WhatsApp has turned on end-to-end encryption across all of its apps, the company has announced.
The Facebook-owned app, which has more than one billion monthly active users, turned on the Signal Protocol, developed by Whisper Systems, by default. The open-source private messaging system, which has been supported by Edward Snowden, will protect group chats, attachments, voice notes, and voice calls that are made across WhatsApp on Android, iPhone, Windows devices and some Nokia and BlackBerry models.
The encryption method lets users see content that has been sent but does not allow service providers, such as WhatsApp, to access the content of the messages.
“Starting today, users will see a notice in their conversation screen as their individual and group chats become end to end encrypted,” Whisper said in a blog post. “Additionally, the encryption status of any chat is visible under that chat’s preferences screen.”
WhatApp’s adoption of end-to-end encryption follows Apple’s debate with the FBI over the unlocking of a terrorists iPhone. During the dispute Jan Koum, WhatsApps’ co-founder, said that he supported Apple’s position and admired its “efforts to protect user data”. In March it was revealed that WhatsApp had been targetedby court orders asking to access information it holds.
The Whisper blog explained that there would still be unencrypted text on the WhatsApp network until everyone updated to the latest version of the software. When someone is using the end-to-end encrypted network plain text will not be sent to them, even if they downgrade their software.
“Eventually all the pre-e2e capable clients will expire, at which point new versions of the software will no longer transmit or accept plaintext messages at all,” Whisper said.
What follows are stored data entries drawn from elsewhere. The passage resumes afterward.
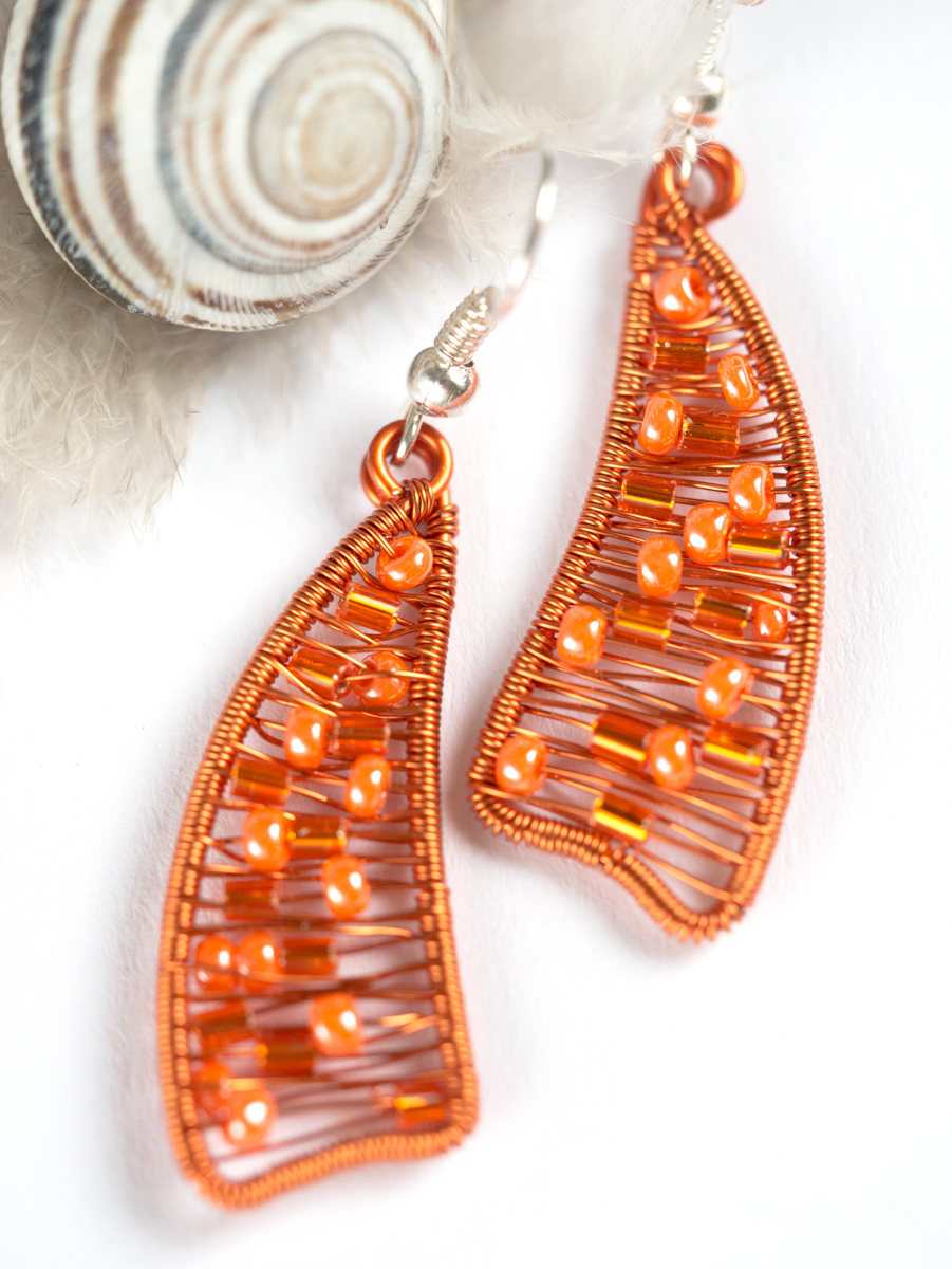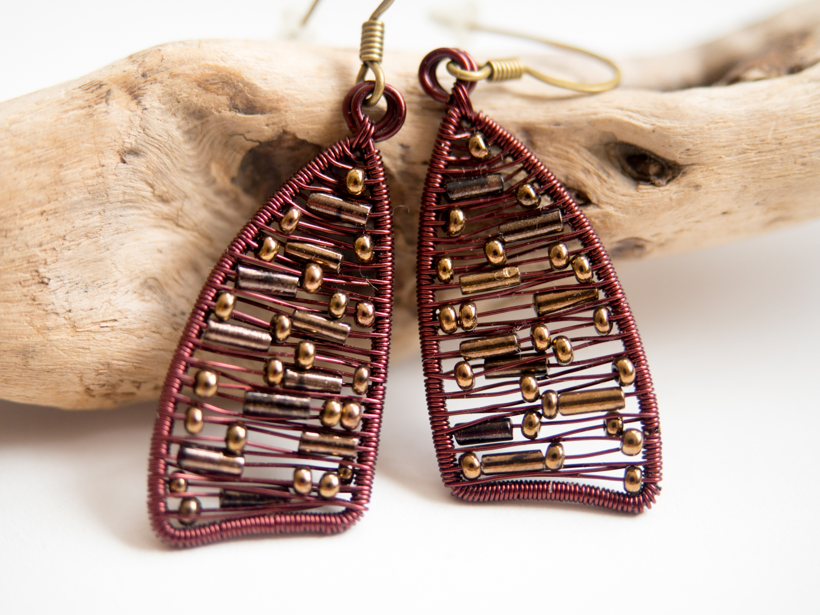 Rdeči in bakreni uhani iz žice in perlic – ‘listi’
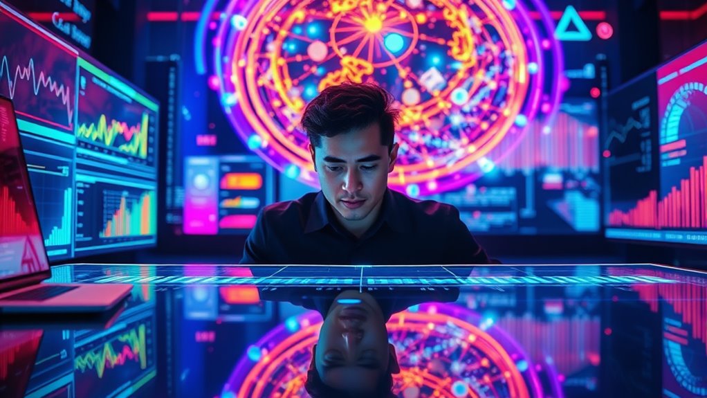 AI personalizes visualization by analyzing your user preferences and behavior patterns. It adapts the data visuals to highlight what matters most to you, making insights more relevant and engaging. This targeted approach boosts your user engagement because the content feels tailored and intuitive. By continuously learning from your interactions, AI guarantees that each visualization aligns with your evolving needs, creating a seamless, personalized experience that keeps you invested and informed.
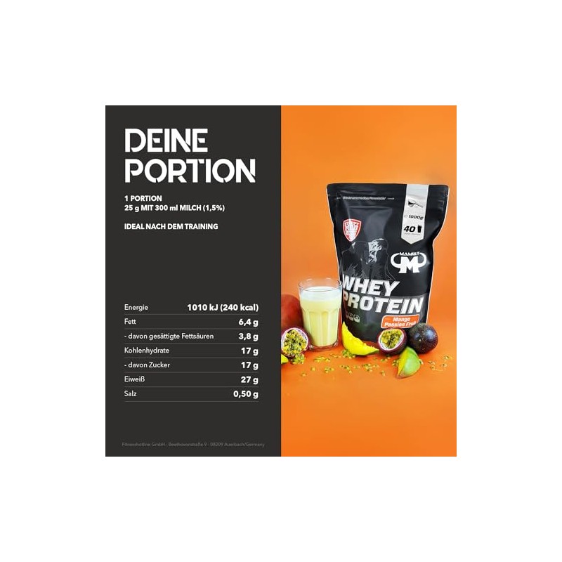 Mammut empfiehlt 25 g (2 gestrichene Dosierlöffel) Whey Protein mit 300 ml fettarmer Milch (1,5 %) zu mischen. Ein guter Zeitpunkt zur Aufnahme von Eiweiß ist direkt nach dem Training, denn speziell Krafttraining stimuliert die muskuläre Eiweißsynthese.
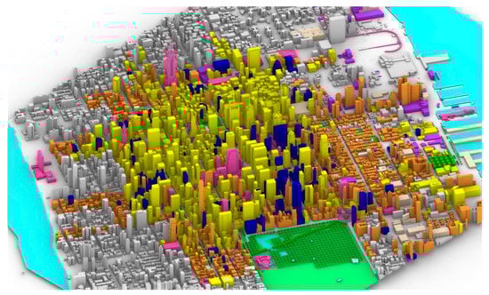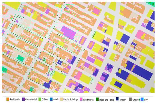 To carry out the analysis, we first build a detailed 3D model of the analyzed area. A Rhino 3D model of Manhattan is compiled based on a detailed 3D model acquired from CADMapper (https://cadmapper.com/ accessed on 2 February 2021), which includes the topography, buildings/structures, parks, and water bodies. To differentiate among the various urban features for geovisualization analysis, we have distinguished by color the different elements of feature categories of the area (e.g., land use, landmarks, buildings, trees). Vegetation, i.e., small size parks and single trees, where obtained from NYC Open Data census (https://data.cityofnewyork.us/Environment/2015-Street-Tree-Census-Tree-Data/pi5s-9p35 accessed on 2 February 2021); landmarks, land use and feature (building) categories were obtained mainly from foursquare (https://foursquare.com/ accessed on 2 February 2021) and Zola (https://zola.planning.nyc.gov/about/ accessed on 2 February 2021); street-level commercial facades were obtained from Google Street View. The resulting 2D representation of this process is depicted in Figure 4 (top), where Figure 4 (bottom) depicts the Rhino 3D model of the area with the urban fabric; in both images, the colors represent the different object categories used in our analysis. For example, orange depicts residential buildings, purple depicts commercial buildings, pink depicts landmarks, and green depicts trees and parks.
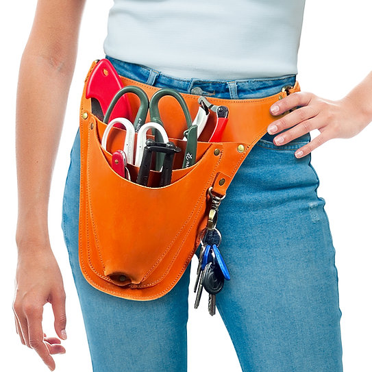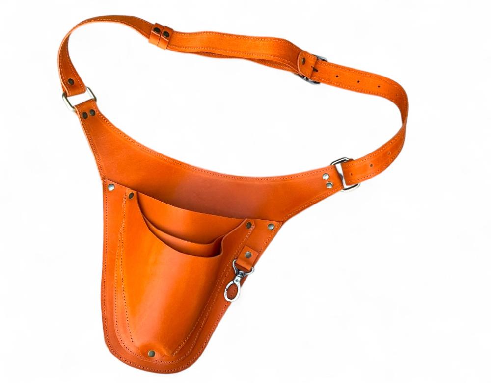 Пояс-чохол шкіряний для садового інструменту на 3 кишені (ПОМАРАНЧЕВИЙ) G-Leather

Users will also be able to verify their encrypted messages by scanning a QR code or reading a code aloud. This is to ensure messages are being sent and received by the correct users. The latest move means that WhatsApp employees won’t be able to access messages, even if they are ordered to do so by the courts.
According to reports, a team of 15 engineers from the company were involved in bringing end-to-end encryption to all WhatsApp users; and creating the fully-encrypted service didn’t come without its challenges. Koum told WIRED US that the project had been in the works since 2014, with development nearly publicly announced in 2015 only for cross-platform compatibility problems to cause delays.